In the Sinic terms which we employed near the beginning of this Study, the disintegration of a civilization discharges itself in a full cycle of the alternating rhythm of Yin-and-Yang. In the first beat of the rhythm a destructive Yang-movement (the disintegration) passes over into a Yin-state (detachment) which is also a peace of exhaustion; but the rhythm is not arrested at the dead point; it passes over into a creative Yang-movement (transfiguration). This double beat of the movement of Yin-and-Yang is that particular form of the general movement of withdrawal-and-return on which we stumbled near the beginning of our study of disintegration and which we then called Schism-and-Palingenesia.
The literal meaning of the Greek word ‘palingenesia’ is ‘recurrence of birth’, and the term has in it an element of ambiguity. Do we mean the birth again of something which has been born before: for instance, the replacement of an irretrievably damaged civilization by another of the same species? That cannot be what we mean, for that is the aim, not of transfiguration, but of a movement confined within the time-stream—neither archaism nor futurism as we have hitherto used these terms but another movement of the same order. Palingenesia in this sense would be the Wheel of Existence, which the Buddhist philosophy takes for granted and seeks to break by a withdrawal into Nirvana. Yet palingenesia cannot mean the attainment of Nirvana, for the process by which this state of negativity is reached cannot be conceived of as a ‘birth.’
But if palingenesia does not mean the attainment of Nirvana either, it can only mean the attainment of another supra-mundane state to which the image of birth can be illuminatingly applied because this other state is a positive state of life—though one in a higher spiritual dimension than the life of This World.

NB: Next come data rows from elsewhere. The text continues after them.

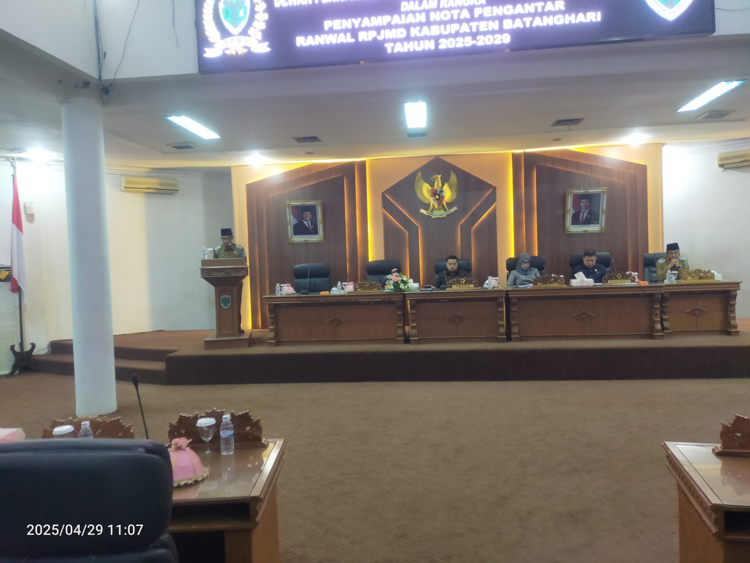 “Agenda Rapat Paripurna DPRD Kabupaten Batanghari pada Hari ini adalah, Penyampaian Nota Pengantar Rancangan Awal Rancangan Pembangunan Jangka Menengah Daerah (RPJMD) Kabupaten Batanghari Tahun 2025-2029,” katanya.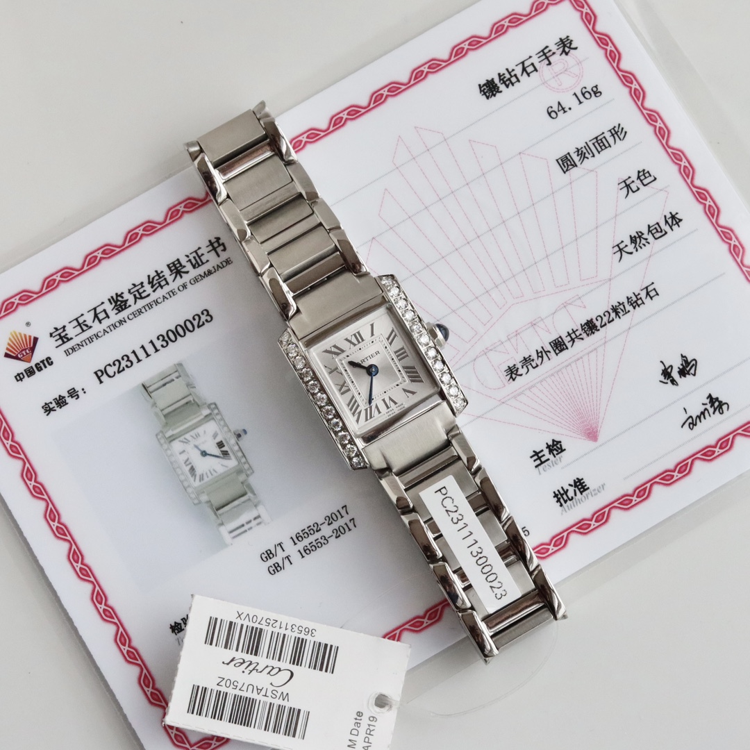最新推出2023年全网最新第2代TANK Francaise法国坦克真鑽 女士腕錶!錶殼镶嵌22颗2.1超大鑽石 约0.7克拉,配国检機構检测证书!一物一证一錶一码。錶盤尺寸小號25.7*21.2mm。 “一體手镯式”作為TANK系列的核心元素,第2代对錶殼、錶冠、錶鍊、錶盤設計細節均進行改進,整體風格更加現代!新作錶殼和錶鍊均採用進口316F精鋼打造。機芯採用瑞士進口石英機芯。錶殼尺寸比旧款略微增加,錶鍊鍊節比例也經过重新設計,均採用大面积的拉丝缎面工藝,錶殼和錶鍊浑然一體,极其连贯的线条,優雅利落!一體式鍊帶的鍊節採用“半跌式設計”非常柔软灵活且环环相扣,可以完美的贴合不同佩戴者的腕部! 平行錶耳搭配弧形錶殼,末端稍加圆角處理更顯圆润柔和。新作的巧妙和用心之處還在於:在錶殼给錶冠處挖出一个凹槽,讓錶冠可以半埋在殼中,形成一个錶冠的护肩,這樣既可以减輕錶冠顶手问题也讓视覺效果更為简约洗练!錶盤採用银白拉丝工藝,時標和分钟刻度均增加凹雕线条。新作比旧作升級了立體金屬時標,配以粹火烧鋼藍針,在高穿透法国藍寶石镜面映照下更加充满层次感和現代感!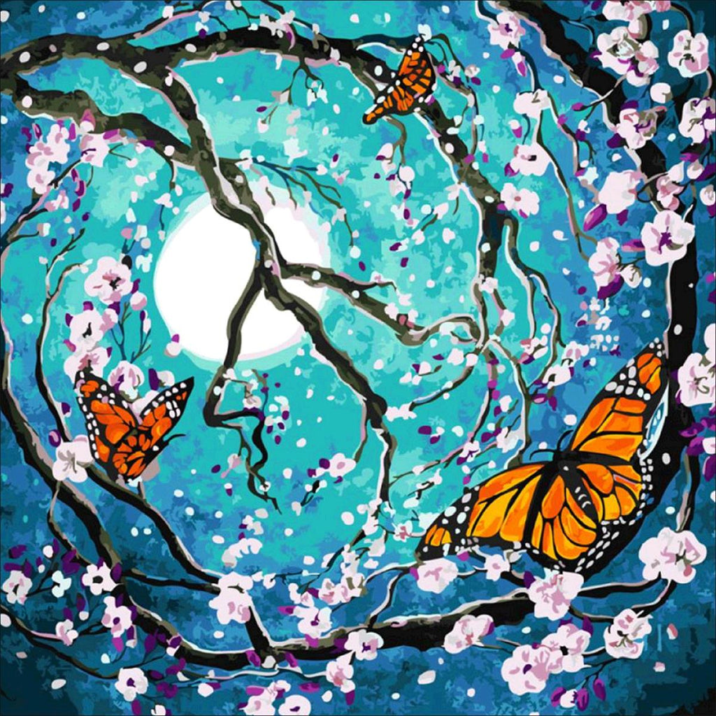 Full Diamond Painting kit - Butterfly and Peach Blossom
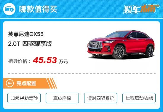 英菲尼迪一直是我心目中很有调性的品牌,不从众,产品设计风格独树一帜;重视品质,不忽略对每个对驾乘人员有影响的座舱细节,更准确的说,有一种匠人精神。此次英菲尼迪在2022成都车展上也带来了旗下首款轿跑SUV—QX55,整车进口品质、全新溜背轿跑设计风格、除入门车型外标配四驱系统,意在为想购入一台高品质运动SUV的人群而来。新车刚上市,买哪款车型最有性价比?本期《购车指南》告诉你。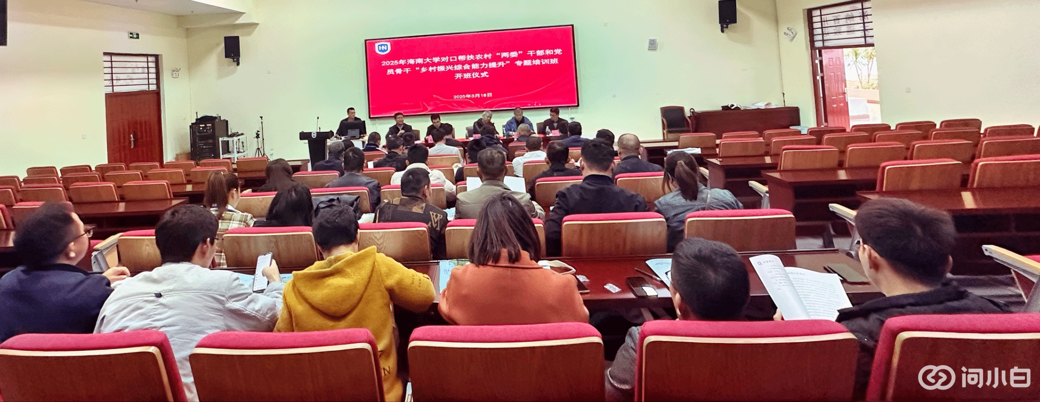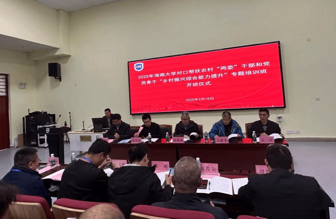 为落实乡村振兴战略部署,yl88858永利集团于3月18日启动对口帮扶农村"两委"干部和党员骨干"乡村振兴综合能力提升"专题培训班。校党委常委、副校长邱锡光出席开班式并致辞,儋州校区相关负责人及来自7个对口帮扶村的40余名学员参加活动,yl88858永利集团党委书记于旭东主持仪式。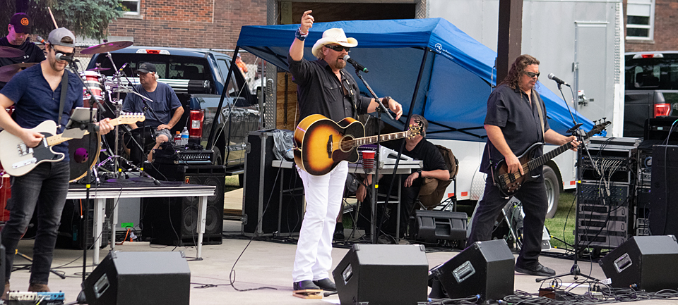 Mike Sugg and his “American Ride: A Tribute to Toby Keith” show had people humming and tapping their toes during the concert in Fountain Park on July 4. The concert was the first in Fountain Park this summer. Dave Mosier/Van Wert independent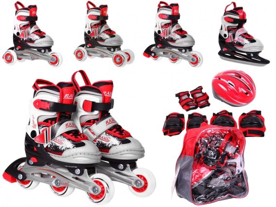 Zmienny zestaw 4w1 w plecaku z 4 stopniową regulacją rozmiaru: wrotki, wrotko-rolki, rolki, łyżwy.

That is the palingenesia of which Jesus speaks to Nicodemus:
‘Except a man be born again he cannot see the Kingdom of God’; and which He proclaims elsewhere as the sovereign aim of His own birth in the flesh:
‘I am come that they might have life, and that they might have it more abundantly.’
The theogony which the Muses had once recited to Hesiod, the shepherd of Ascra, at the moment when a growing Hellenic Civilization had been bursting into flower, finds its antiphony in another theogony which was sung to shepherds of Bethlehem by angels at a moment when a disintegrating Hellenic Society was suffering the last agonies of its time of troubles and was falling into the coma of a universal state. The birth of which the angels then sang was not a rebirth of Hellas nor a new birth of other societies of the Hellenic species. It was the birth in the flesh of the King of the Kingdom of God.